**THE DATA:**
---*---

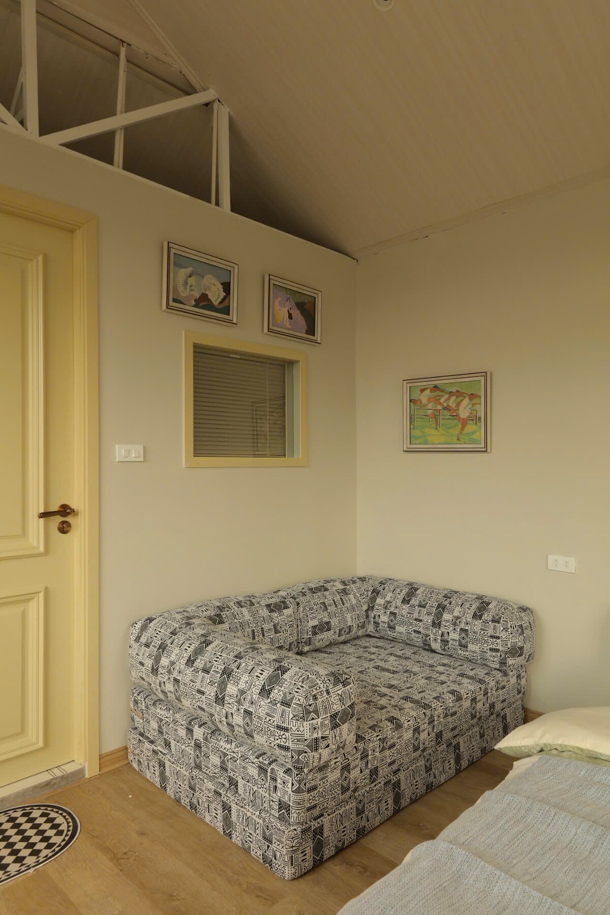 Простора кімната, наповнена природним освітленням, що пропонує яскраву та розслаблюючу атмосферу. До послуг гостей зручне велике ліжко, зручний диван-ліжко для відпочинку або додаткових гостей, а також базова кухня для швидкого харчування. Для розваг у номері є сучасний проектор, який ідеально підходить для вечорів у кіно або відпочинку з друзями та родиною.
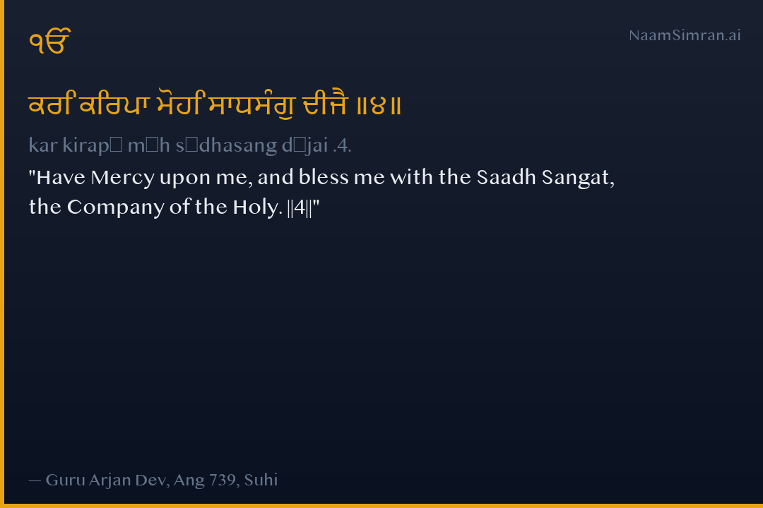 Have Mercy upon me, and bless me with the Saadh Sangat, the Company of the Holy. ||4||
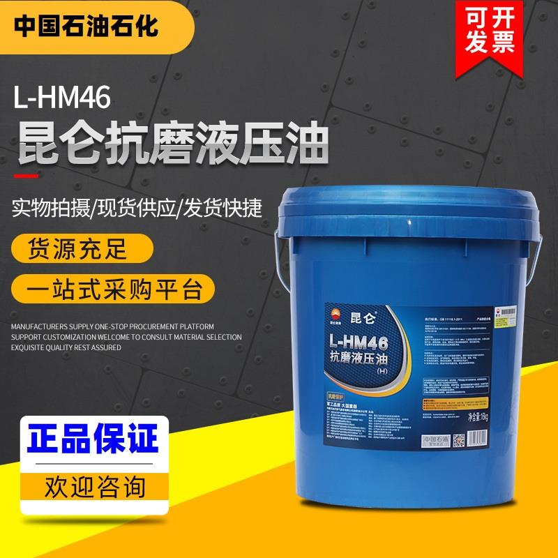 昆仑抗磨液压油46号高压68号注塑挖机叉车32 润滑油大桶200L18升
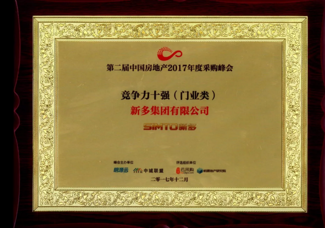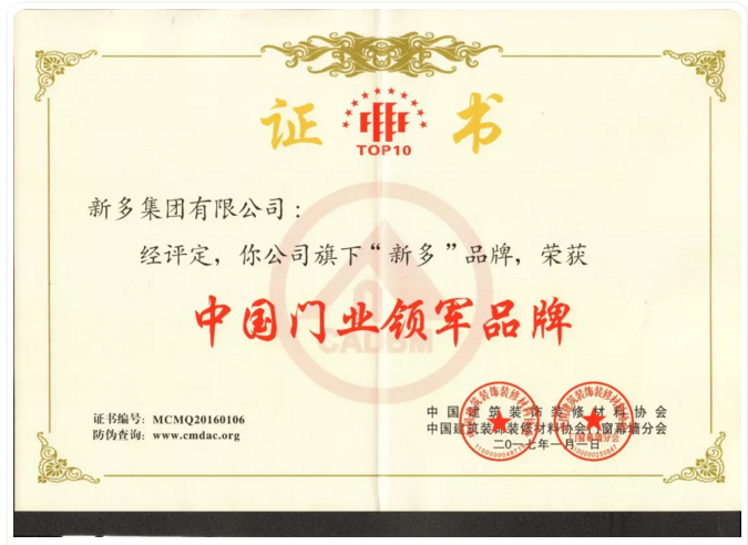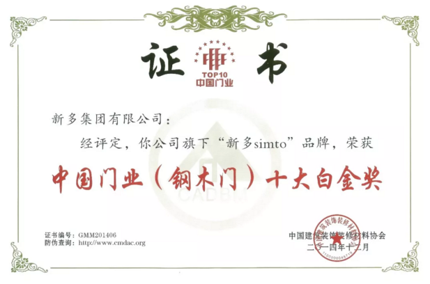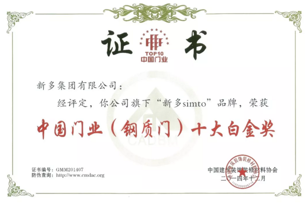 新多榮獲“中國(guó)門(mén)業(yè)(鋼質(zhì)門(mén))十大白金獎(jiǎng)”、“中國(guó)門(mén)業(yè)(鋼木門(mén))十大白金獎(jiǎng)”。

---*---

**YOUR TASK:**
Exactly as written, return every line of the listing, but not the pictures.

**ANSWER TO THIS TASK:**
 Простора кімната, наповнена природним освітленням, що пропонує яскраву та розслаблюючу атмосферу. До послуг гостей зручне велике ліжко, зручний диван-ліжко для відпочинку або додаткових гостей, а також базова кухня для швидкого харчування. Для розваг у номері є сучасний проектор, який ідеально підходить для вечорів у кіно або відпочинку з друзями та родиною.
 Have Mercy upon me, and bless me with the Saadh Sangat, the Company of the Holy. ||4||
 昆仑抗磨液压油46号高压68号注塑挖机叉车32 润滑油大桶200L18升
 新多榮獲“中國(guó)門(mén)業(yè)(鋼質(zhì)門(mén))十大白金獎(jiǎng)”、“中國(guó)門(mén)業(yè)(鋼木門(mén))十大白金獎(jiǎng)”。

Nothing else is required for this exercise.